Linear Regression aka Ordinary Least Squares

Eine lineare Regression liefert die optimalen Koeffizienten \(c_k\) der Formel

\[\hat{y} = c_0 + c_1 x_1 + \ldots + c_m x_m\]

durch Minimierung des mittleren quadratischen Fehlers zwischen Target \(y\) und Fit \(\hat{y}\) auf den Trainingsdaten:

\[\text{min. }\sum_{i=1}^n (y_i - c_0 - \sum_{k=1}^m x_{ik} c_k)^2.\]

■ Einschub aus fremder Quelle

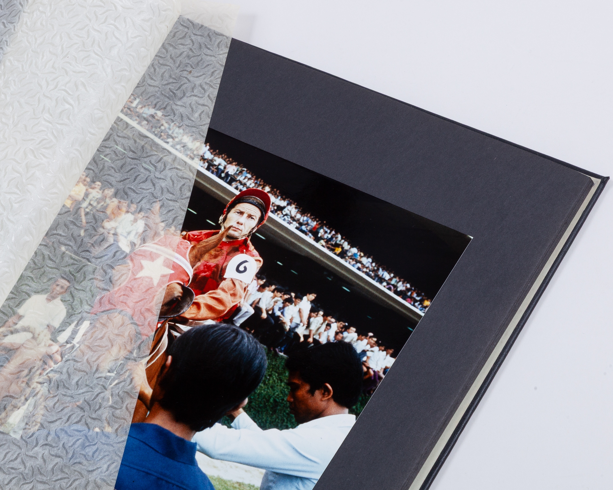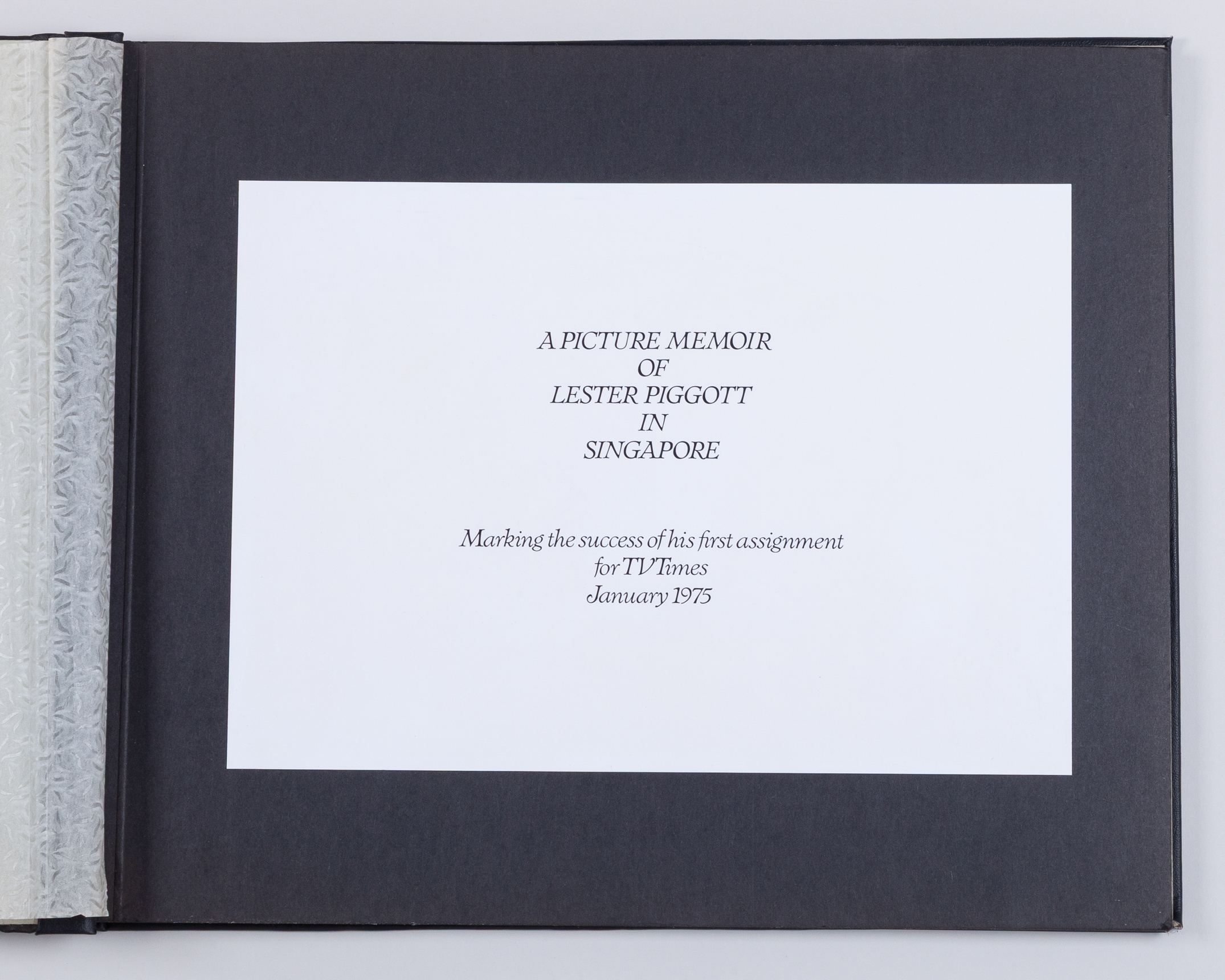 produced privately by TV Times magazine for Lester Piggott who covered the jockey's tour of Singapore for the publication, a series of high quality photographs featuring Lester at the races and during down time, in a black Rexine A1 size album

  • Kurzschreibweise: \(y \sim x_1 + \ldots + x_m\)
  • Das Modell verwendet die \(m\) Features (=Regressoren) \(x_1\) bis \(x_m\).
  • Der konstante Offset \(c_0\) heißt im Englischen intercept.
  • \(\hat{y}\) bezeichnet den Fit bzw. die Prognose des Targets aus den Features.
  • Der Fit/Prognose-Fehler ist die Differenz \(y - \hat{y}\) von Target zu Fit/Prognose.
  • Spezialfall für ein Feature: \(y \sim x_1\) bzw. \(\hat{y} = c_0 + c_1 x_1\)
  • Anzahl Trainingsdaten > Anzahl Features, sonst starkes Overfitting!
# Grafische Darstellung für Y ~ X:

mglearn.plots.plot_linear_regression_wave()
w[0]: 0.393906  b: -0.031804

Implementierung am Beispiel des wave Datensatzes:

from sklearn.model_selection import train_test_split
from sklearn.linear_model    import LinearRegression

X, y = mglearn.datasets.make_wave(n_samples=60)
X_train, X_test, y_train, y_test = train_test_split(X, y, random_state=42)

lr = LinearRegression().fit(X_train, y_train)
print(f"lr.coef_: {lr.coef_}")
print(f"lr.intercept_: {lr.intercept_}")
lr.coef_: [0.39390555]
lr.intercept_: -0.031804343026759746
print(f"Training set score: {lr.score(X_train, y_train):.2f}")
print(f"Test     set score: {lr.score(X_test, y_test):.2f}")
Training set score: 0.67
Test     set score: 0.66

Regularization with Ridge Regression

Die optimalen Ridge-Koeffizienten \(c_j\) minimieren für einen vorgegebenen \(\alpha\)-Wert die Zielfunktion

\[\text{min. }\sum_{i=1}^n (y_i - c_0 - \sum_{k=1}^m x_{ik} c_k)^2 + \alpha \sum_{k=1} c_k^2.\]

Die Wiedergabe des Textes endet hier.